Bioengineering Better Photosynthesis Increases Yields in Soy Crops by 33%

In first-of-its-kind research, University of Illinois scientists have genetically altered soybean plants to increase the efficiency of photosynthesis, resulting in greater production of beans without losing any quality. The result of the study has been published recently in the prestigious journal Science (De Souza, Burgess, et al. 2022).

For the last two decades, bioengineers have been using highly specific, efficient, still simple DNA/RNA editing tools, such as clustered regularly interspaced short palindromic repeats CRISPR, that allow changes in the genetic make of cells to produce improved or novel organisms. In the Agriculture industries, the technology was used to increase the shelf life of the produce or to increase resistance to insects and herbicides and benefitted farmers in many countries.

Today, many scientists have achieved remarkable results using the technology enhancing quality and quantity of many agricultural products such as rice, wheat, maize, and tomato, for review see (Liu, Yang, et al. 2021).

Bioengineers at the University of Illinois of an international project Realizing Increased Photosynthetic Efficiency (RIPE), which aims to increase global food production in Sub-Saharan Africa, have used gene editing technology to improve the efficiency of photosynthesis in soy plants.

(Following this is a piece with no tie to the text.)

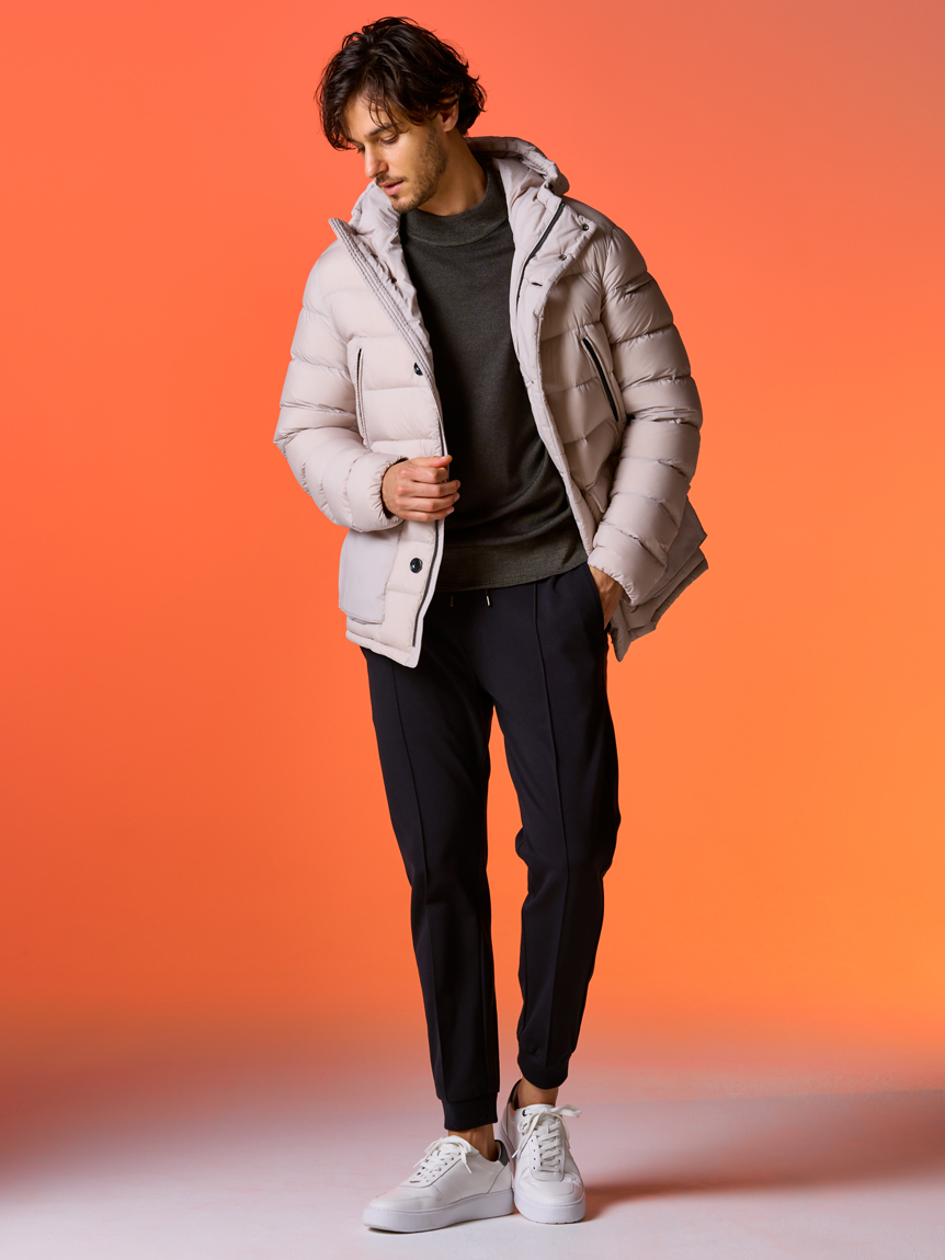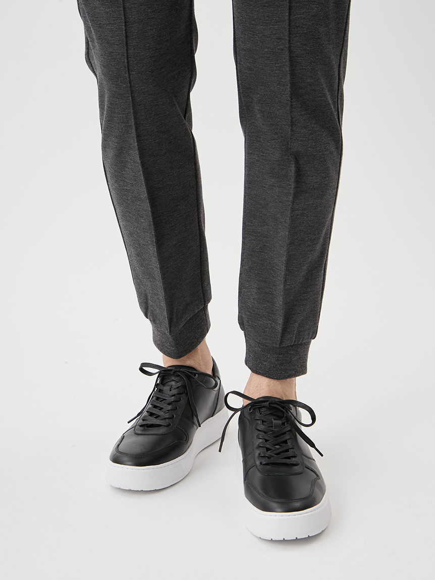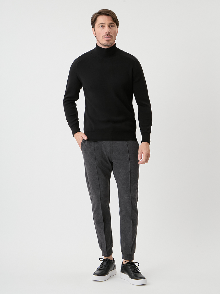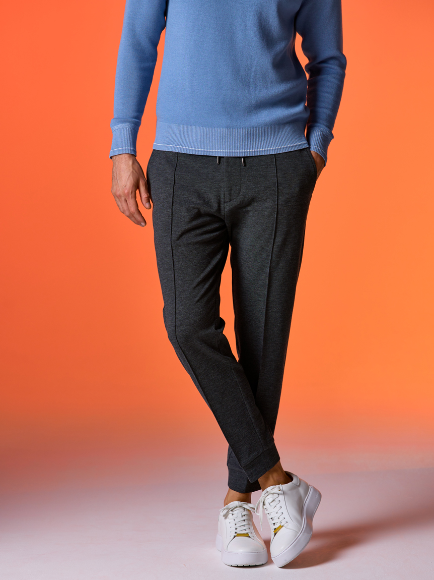 スタイルアップと快適さを兼ね備えたリブパンツ。

Photosynthesis is a mechanism that green plants use to produce building blocks of energy molecules essential for most life forms on earth. The process, in presence of sunlight, converts carbon dioxide and water into carbohydrates.

6CO2 + 12H2O + Light Energy → C6H12O6 + 6O2 + 6H2O

However, excess light is dangerous for photosynthesis. It causes oxidative damage and decreases the efficiency of photosynthesis. There are several mechanisms that photosynthetic organisms employ to protect them from excess sunlight.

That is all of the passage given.